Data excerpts
----------------------------------------

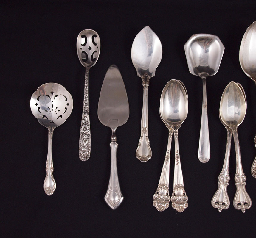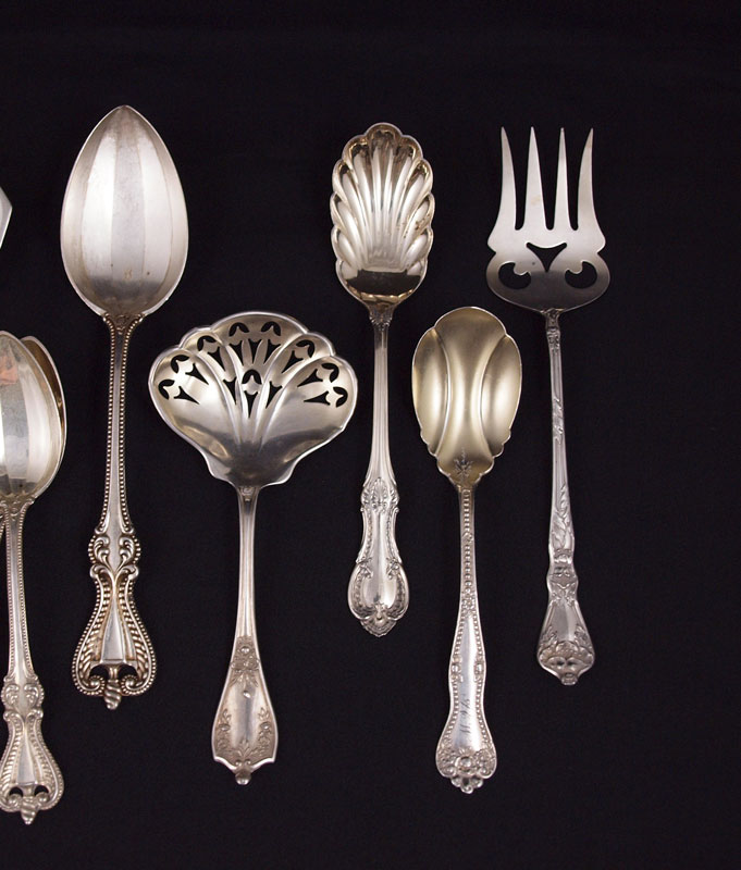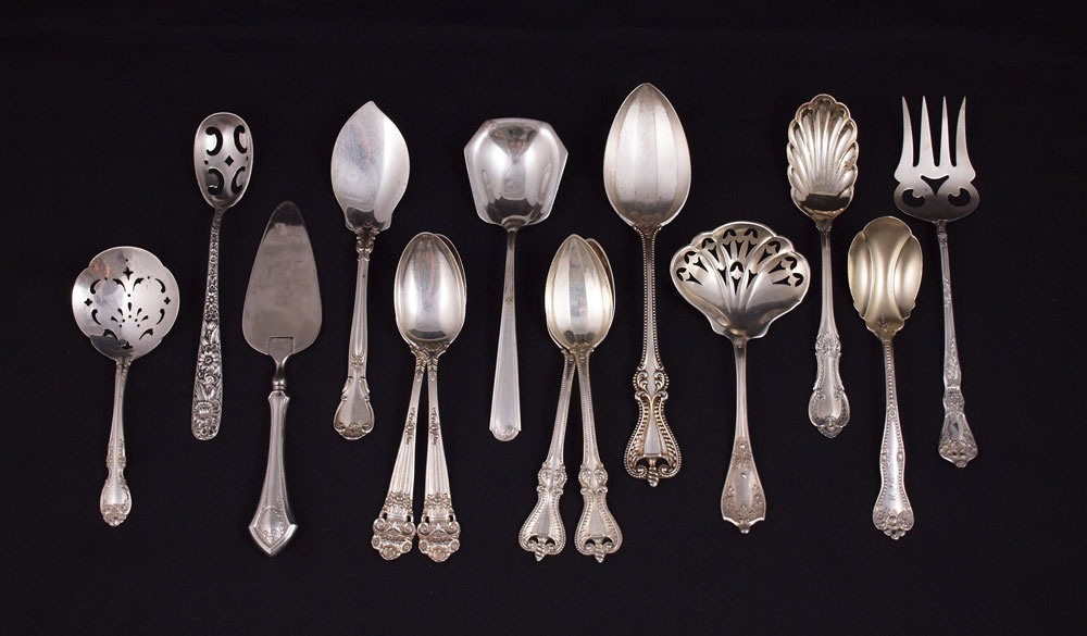 14 PIECE ESTATE COLLECTION OF STERLING FLATWARE: 14 pieces by assorted makers and patterns to include Towle, Whiting, Rogers, Kirk & Sons Repousse, Baker-Manchester, Gorham. Approx. 11.2 troy oz.
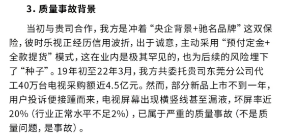 据乐视2022年披露的数据,当时约2万台事故电视需要售后处理,乐视不得不先行垫付巨额售后维修费用。期间,熊猫以“没有资材”为由,拒绝为55英寸事故机型提供换屏材料;2022年10月,承担97%订单量的东莞分公司突然关厂,仅提前5天邮件通知,没给任何售后方案,还迅速遣散了与乐视长期对接的管理团队。
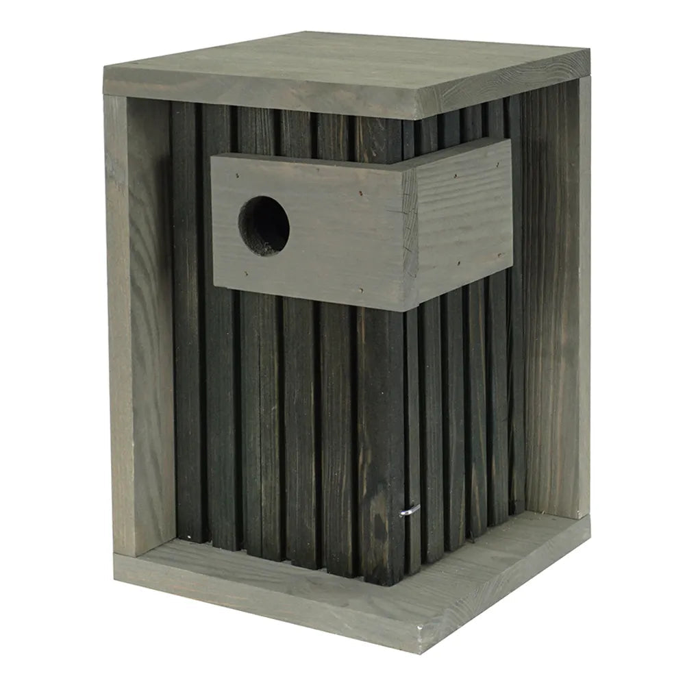 Nichoir cubique bicolore en pin. Bois traité par trempage avec une lasure non toxique à base d'eau. Parois avant et latérales décoratives rainurées. Entrée à double paroi pour une meilleure protection contre les prédateurs. Paroi latérale ouvrante pour un nettoyage facile. Trou d'entrée de 32 mm.
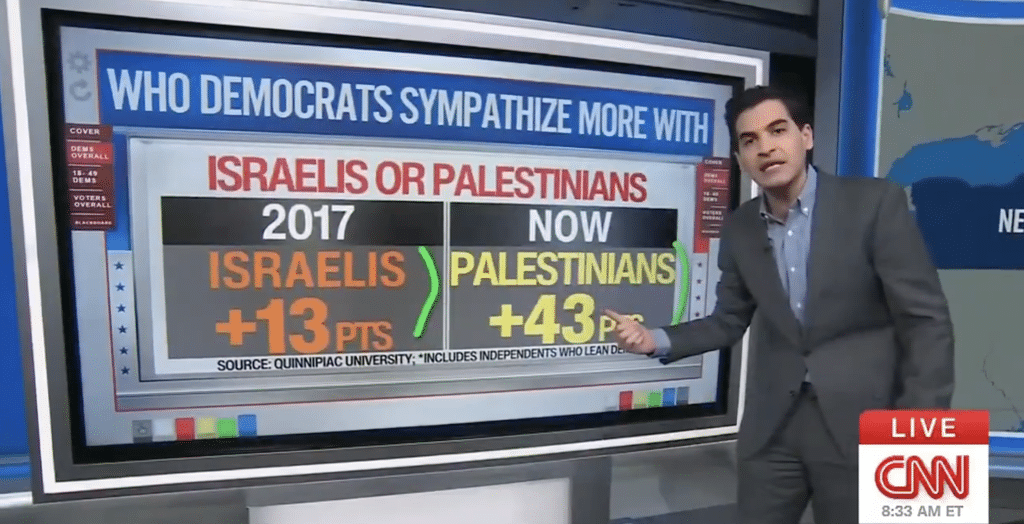 On his screen, he brought up polling from Quinnipiac. In 2017, Democrats sympathized with Israelis over Palestinians by 13 points. Now, Democrats sympathize with Palestines over Israelis by 43 points.
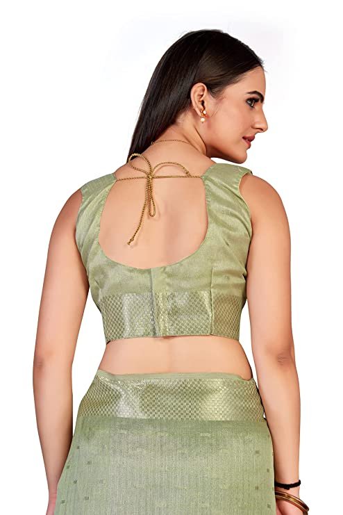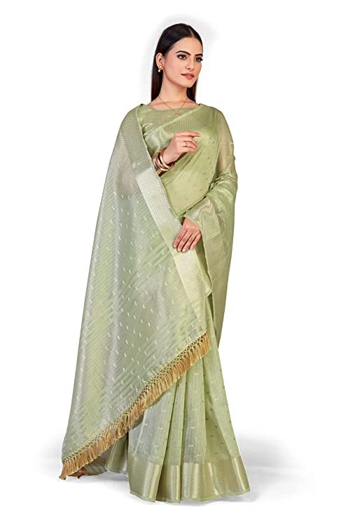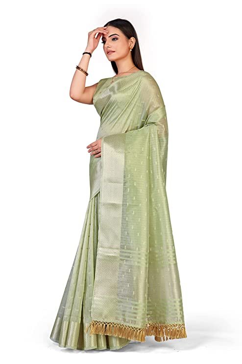 About this Item Saree Fabric: Chanderi Cotton Silk , Blouse Fabric : Chanderi Cotton Silk Saree Color: Light Green , Blouse Color: Light Green Saree Length: 5.5 Meter , Blouse Length: 0.8 Meter Saree comes with unstitched blouse piece,which is attached with end of the saree only. Buyer have to cut blouse part from the saree. Stiching service will not be available. There might be color variation due to screen resolution and digital photography Additional Information Item Weight400 g Item Dimensions LxWxH13 x 10 x 2 Centimeters Included ComponentsWith Blouse Piece
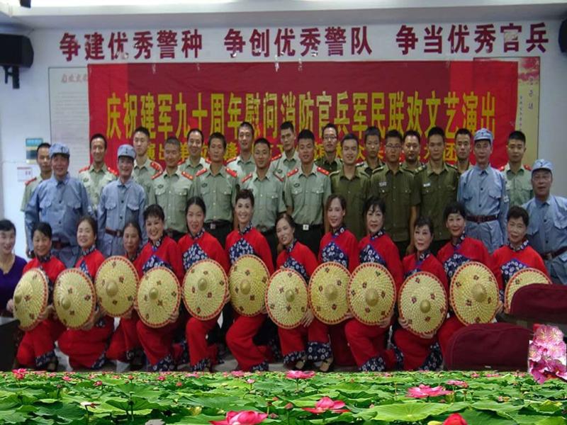 大众采茶艺术团志愿者在章贡区消防大队举行庆八一慰问消防官兵文艺演出
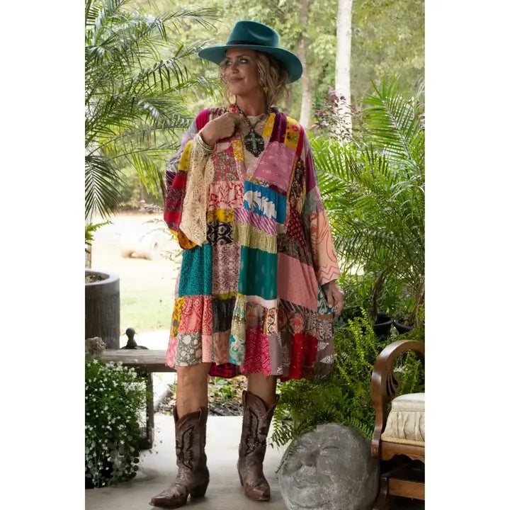 Embrace your free spirit in this Wild at Heart Patch Tunic by Jaded Gypsy. Crafted with boho charm and a touch of rebellious soul, this tunic features eye-catching patches that tell a story all their own. Perfect for the gal who dares to be different, it pairs beautifully with your favorite denim or leggings for an effortlessly chic look. Whether you're heading to a music festival or just living your best life, this piece celebrates the wild, untamed heart that makes you uniquely you. Comfort meets style in a way that'll have you reaching for it again and again.
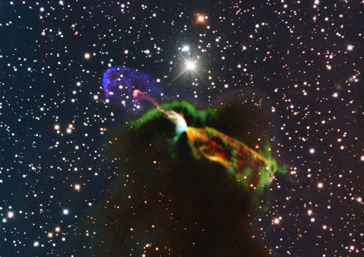 This image of Herbig-Haro object HH 46/47 combines radio observations acquired with the Atacama Large Millimeter/submillimeter Array (ALMA) with much shorter wavelength visible light observations from ESO’s New Technology Telescope (NTT). The ALMA observations (orange and green, lower right) of the newborn star reveal a large energetic jet moving away from us, which in the visible is hidden by dust and gas. To the left (in pink and purple) the visible part of the jet is seen, streaming partly towards us.
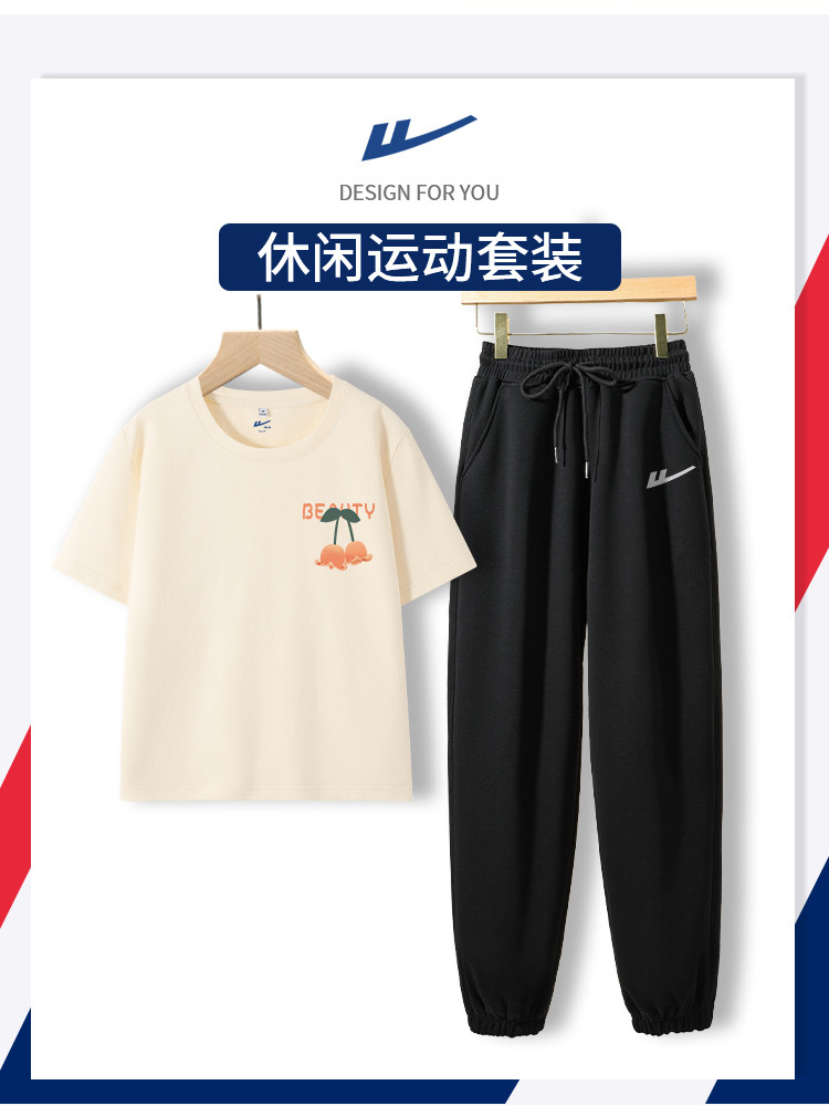 商品名称:【女装】夏季女式运动套装休闲橡筋收脚裤+宽松T两件装 112147
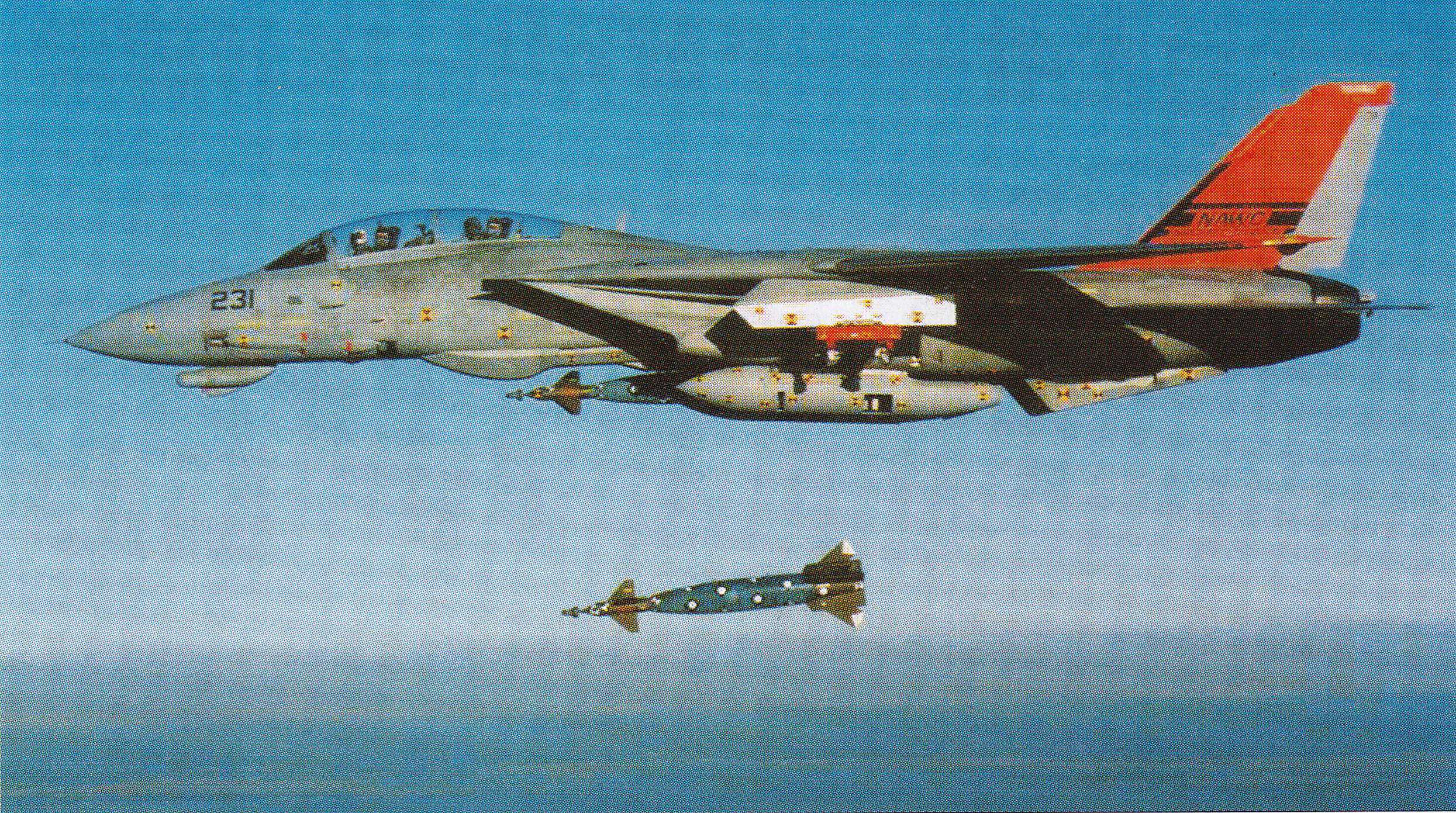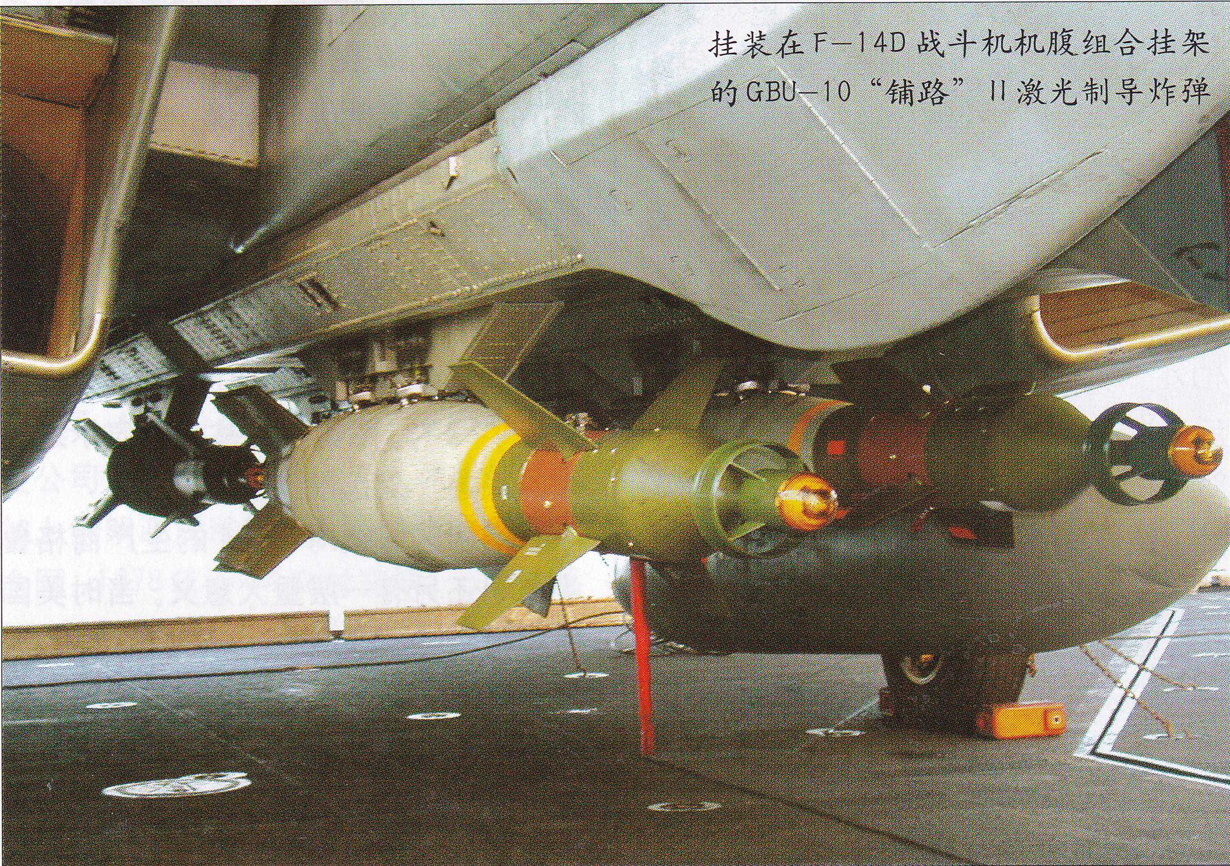 正在投放GBU-10“铺路”IⅡ激光制导炸弹的F-14D战斗机

----------------------------------------

TASK DETAILS: Once the line containing "This image of" is located, write out exactly that line and each one after it to the end of the records above, excluding pictures and nothing else.

RESPONSE:
 This image of Herbig-Haro object HH 46/47 combines radio observations acquired with the Atacama Large Millimeter/submillimeter Array (ALMA) with much shorter wavelength visible light observations from ESO’s New Technology Telescope (NTT). The ALMA observations (orange and green, lower right) of the newborn star reveal a large energetic jet moving away from us, which in the visible is hidden by dust and gas. To the left (in pink and purple) the visible part of the jet is seen, streaming partly towards us.
 商品名称:【女装】夏季女式运动套装休闲橡筋收脚裤+宽松T两件装 112147
 正在投放GBU-10“铺路”IⅡ激光制导炸弹的F-14D战斗机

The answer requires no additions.